The recommendations for optimizing searches depend on the type of search that you run and the characteristics of the data you are searching. Searches fall into two types, that are based on the goal you want to accomplish. Either a search is designed to retrieve events or a search is designed to generate a report that summarizes or organizes the data.

See Types of searches.

Searches that retrieve events

Raw event searches retrieve events from a Splunk index without any additional processing of the events that are retrieved. When retrieving events from the index, be specific about the events that you want to retrieve. You can do this with keywords and field-value pairs that are unique to the events.

If the events you want to retrieve occur frequently in the dataset, the search is called a dense search. If the events you want to retrieve are rare in the dataset, the search is called a sparse search. Sparse searches that run against large volumes of data take longer than dense searches against the same data set.

See Use fields to retrieve events.

Searches that generate reports

Report-generating searches, or transforming searches, perform additional processing on events after the events are retrieved from an index. This processing can include filtering, transforming, and other operations using one or more statistical functions against the set of results. Because this processing occurs in memory, the more restrictive and specific you are retrieving the events, the faster the search will run.

See About transformating commands and searches.

Command types and parallel processing

Some commands process events in a stream. There is one event in and one, or no, event out. These are referred to as streaming commands. Examples of streaming commands are where, eval, lookup, and search.

Other commands require all of the events from all of the indexers before the command can finish. These are referred to as non-streaming commands. Examples of non-streaming commands are stats, sort, dedup, top, and append.

Non-streaming commands can run only when all of the data is available. To process non-streaming commands, all of the search results from the indexers are sent to the search head. When this happens, all further processing must be performed by the search head, rather than in parallel on the indexers.

Parallel processing example

Non-streaming commands that are early in your search reduce parallel processing.

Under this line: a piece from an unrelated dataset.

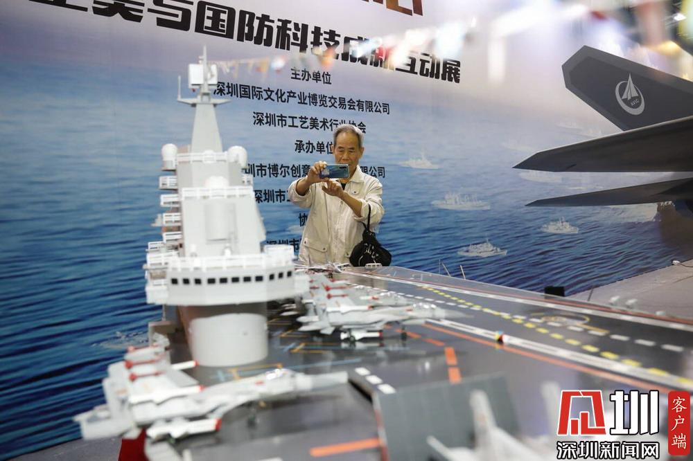 一位市民正在拍照,該模型為“遼寧號”航母模型。
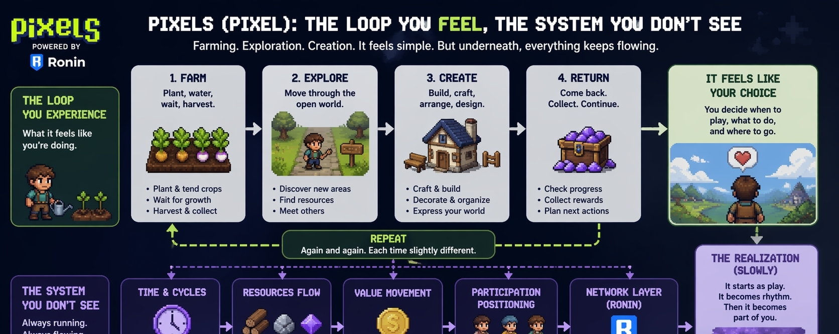 at the start, it was just something i opened. a quick look. a small check-in. farming, moving around, collecting things, logging out again. it felt separate then… like something i could step into and out of whenever i wanted.

For example, the following image shows a search that a user has run. The search starts with the search command, which is implied as the first command in the Search bar. The search continues with the lookup, where, and eval commands. The search then contains a sort, based on the Name field, followed by another where command.

The search is sent to the search head and distributed to the indexers to process as much of the search as possible on the indexers.

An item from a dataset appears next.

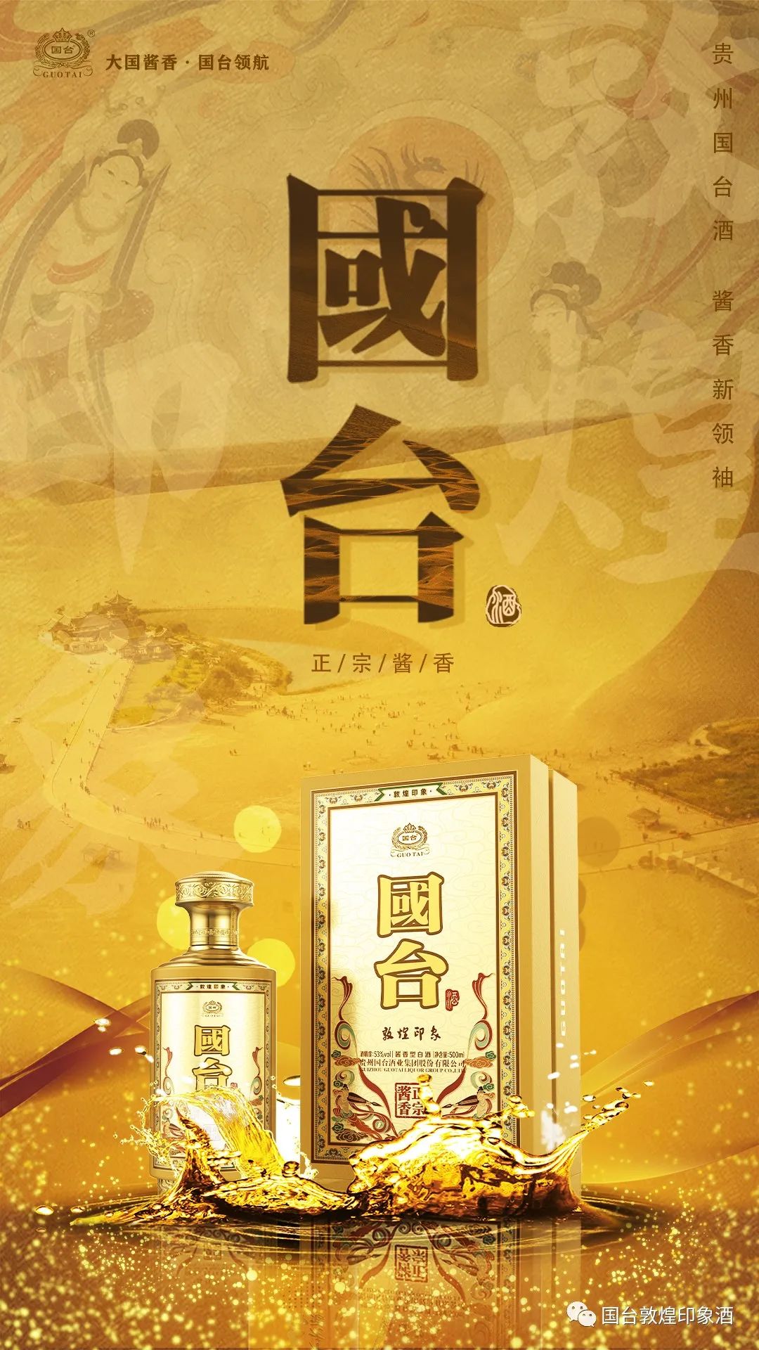 国台一一中国第二大酱酒企业,敦煌,人类的敦煌世界的敦煌、悠久的历史文化、最好的酱酒品质与最悠久的敦煌文化相结合,诞生了名门之秀一一国台·敦煌印象。

For the events that are on each indexer, the indexer process the search until the indexer encounters a non-streaming command. In this example, the indexers process the search through the eval command. To perform the sort, all of the results must be sent to the search head for processing.

However, the results that are on each indexer can be sorted by the indexer. This is referred to as a presort. In this example the sort is on the Name field. The following image shows that the first indexer returns the names Alex and Maria. The second indexer returns the name Wei. The third indexer returns the names Claudia, David, and Eduardo.

To return the full list of results sorted by name, all of the events that match the search criteria must be sent to the search head. When all of the results are on the search head, the rest of the search must be processed on the search head. In this example the sort and any remaining commands are processed on the search head.

The following image shows that each indexer has presorted the results, based on the Name field. The results are sent to the search head, and are appended together. The search head then sorts the entire list into the correct order. The search head processes the remaining commands in the search to produce the final results. In this example, that includes the second where command. The final results are returned to the user.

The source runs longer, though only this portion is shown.